Vasculitis and bladder cancer
Vasculitis is a word used to describe some rare autoimmune conditions associated with inflammation of the blood vessels.
A drug called cyclophosphamide can be used in severe cases.
This medicine has a certain risk of developing bladder and other cancers.
Cyclophosphamide is an immunosuppressant.
This means that it is a medicine that works to weaken the immune system’s response.
Those with severe vasculitis who take cyclophosphamide may survive treatment, but will later develop leukemia/lymphoma or bladder cancer.
The risk is related to how long the medicine is taken and at what dose.
The risk of bladder cancer also appears to be higher when cyclophosphamide is administered orally daily.
A study by the National Institutes of Health in 145 patients with Wegener’s granulomatosis (a type of vasculitis) treated with diurnal cyclophosphamide found that 6% had developed bladder cancer.
In patients followed up to 15 years of age, the planned incidence of bladder cancer was up to 16%.
There are other autoimmune diseases that carry a potentially increased risk of cancer, either because of the disease itself or because of the medications used.
Here are some more examples:
- Rheumatoid arthritis is also associated with an increased risk of lymphoma.
- There is an increased risk of lung cancer with scleroderma, a group of diseases that often affect the skin and connective tissue.
- Dermatomyositis is an autoimmune disease that causes muscle weakness and rash, associated with an increased risk of certain cancers, including breast, ovarian, lung, and gastrointestinal tumors.
- Skin disease psoriasis is associated with a higher risk of non-melanoma skin tumors, as well as other types of cancer.
How can you change your cancer treatment if you have an autoimmune disease?
If you have an autoimmune disease, are you receiving normal treatment if you have cancer?
Chemotherapy is usually given.
Newer treatments called immunotherapy may offer more promise.
Immunotherapy activates your immune system to help fight cancer.
Rheumatologists, doctors who treat many autoimmune diseases and oncologists continue to work in this area.
In general, some autoimmune-type side effects – such as pain, inflammation, or flu-like symptoms – are expected with immunotherapy, and experts say it appears to be a positive predictor of survival because it suggests that the immune system is activated.

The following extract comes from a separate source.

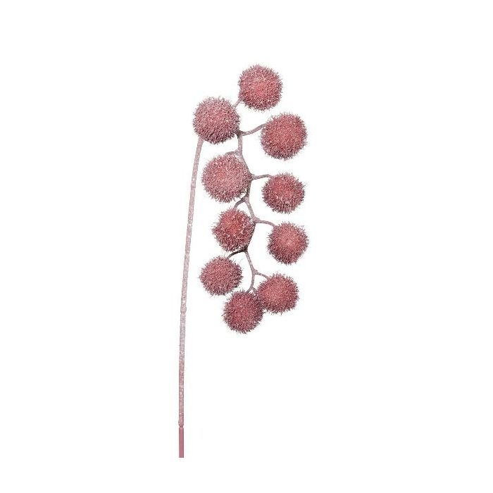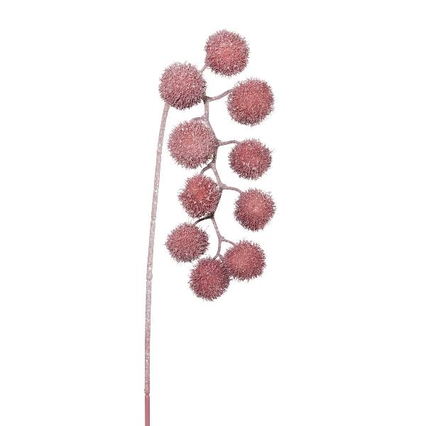Dekorativní platanová větev FLERMO s plody, závěsná, zmrzlá, tmavě růžová, 60cm

For example, more than 80% of people without an autoimmune disease will also develop the autoimmune effects of immunotherapy.
A person with an autoimmune disease who develops cancer may or may not continue to take their autoimmune treatment while receiving immunotherapy.
It depends on the individual, the medication used, and the presence of the disease.
If you have cancer, it is important that your oncologist contacts your rheumatologist or another specialist who is monitoring your autoimmune disease.
Rheumatologists often turn to an oncologist after cancer treatment to ask about appropriate changes in the treatment of autoimmune diseases.
For example, a medicine called methotrexate (used in some cancers and autoimmune diseases) and a group of medicines called tumor necrosis factor inhibitors (also used in many autoimmune diseases) may not be appropriate because they may contribute to relapses in cancer or another cancer.
The results of immunotherapy are less well known in rarer autoimmune diseases.
At this point, the risks and benefits of each patient need to be weighed individually.